The answer must consist only of the lines in the records below from the line with "- QUALITY MATERIAL: The" to the line with "Hướng tới kỷ", both included, copied word for word with every picture left out.
** Material provided follows **
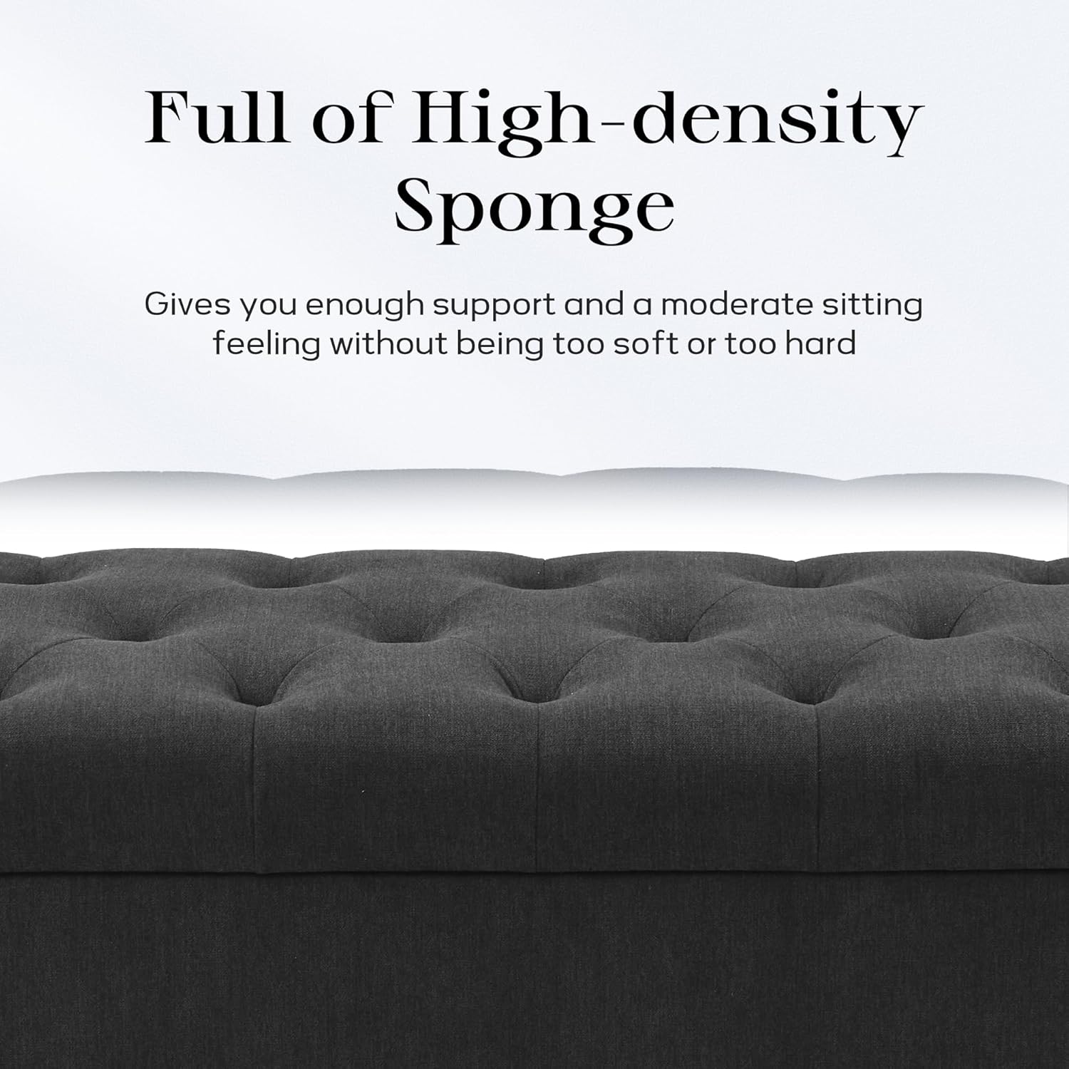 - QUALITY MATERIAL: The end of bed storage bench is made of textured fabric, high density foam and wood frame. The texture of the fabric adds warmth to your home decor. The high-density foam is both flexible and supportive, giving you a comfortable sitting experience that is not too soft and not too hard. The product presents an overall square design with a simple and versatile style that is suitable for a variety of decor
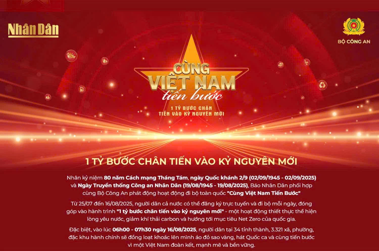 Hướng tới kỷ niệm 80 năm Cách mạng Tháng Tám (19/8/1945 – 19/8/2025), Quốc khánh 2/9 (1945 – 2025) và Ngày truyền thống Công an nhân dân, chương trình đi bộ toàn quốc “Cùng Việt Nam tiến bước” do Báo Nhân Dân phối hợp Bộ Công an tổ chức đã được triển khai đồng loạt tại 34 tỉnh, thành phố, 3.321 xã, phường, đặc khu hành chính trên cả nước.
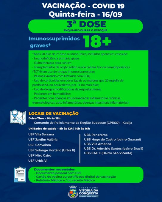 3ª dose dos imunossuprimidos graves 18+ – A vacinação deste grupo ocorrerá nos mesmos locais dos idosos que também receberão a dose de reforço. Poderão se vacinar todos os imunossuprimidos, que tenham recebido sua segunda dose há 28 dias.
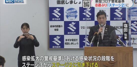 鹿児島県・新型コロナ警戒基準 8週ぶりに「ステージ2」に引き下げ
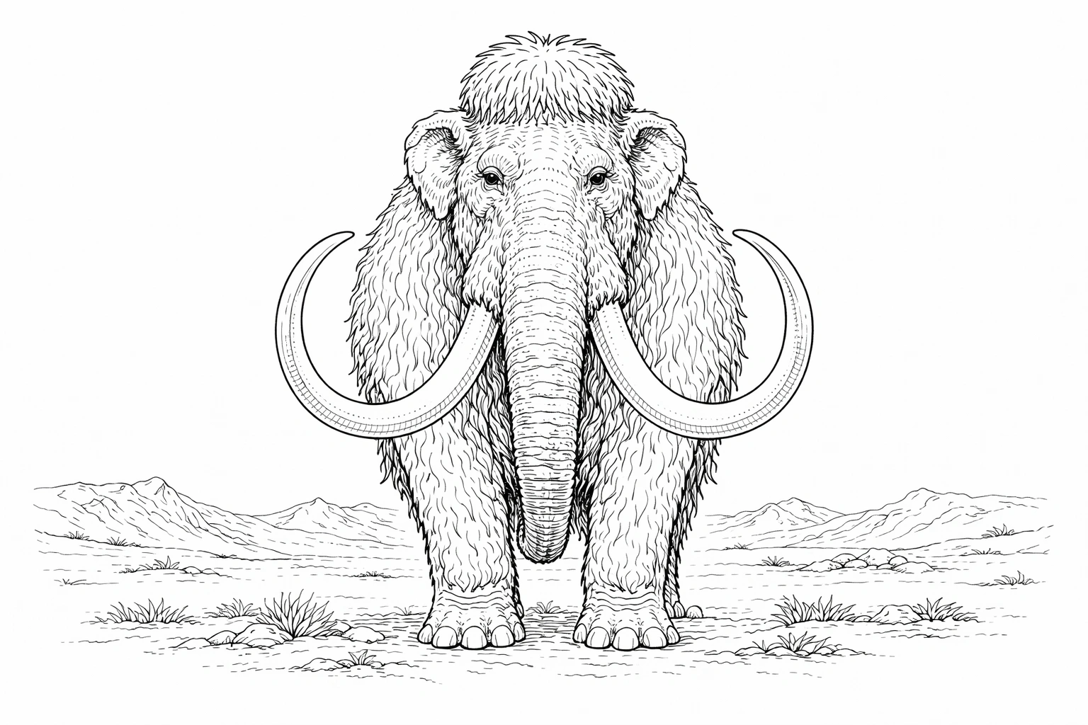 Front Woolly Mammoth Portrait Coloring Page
** End of Material provided **
** Material provided follows **
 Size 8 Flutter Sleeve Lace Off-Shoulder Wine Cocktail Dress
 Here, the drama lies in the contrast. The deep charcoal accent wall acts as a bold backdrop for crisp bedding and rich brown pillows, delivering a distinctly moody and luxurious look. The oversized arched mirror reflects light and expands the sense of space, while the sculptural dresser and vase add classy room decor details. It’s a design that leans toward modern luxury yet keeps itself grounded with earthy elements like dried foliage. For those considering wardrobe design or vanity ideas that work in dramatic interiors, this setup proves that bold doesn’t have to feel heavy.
** End of Material provided **
*Result*
 - QUALITY MATERIAL: The end of bed storage bench is made of textured fabric, high density foam and wood frame. The texture of the fabric adds warmth to your home decor. The high-density foam is both flexible and supportive, giving you a comfortable sitting experience that is not too soft and not too hard. The product presents an overall square design with a simple and versatile style that is suitable for a variety of decor
 Hướng tới kỷ niệm 80 năm Cách mạng Tháng Tám (19/8/1945 – 19/8/2025), Quốc khánh 2/9 (1945 – 2025) và Ngày truyền thống Công an nhân dân, chương trình đi bộ toàn quốc “Cùng Việt Nam tiến bước” do Báo Nhân Dân phối hợp Bộ Công an tổ chức đã được triển khai đồng loạt tại 34 tỉnh, thành phố, 3.321 xã, phường, đặc khu hành chính trên cả nước.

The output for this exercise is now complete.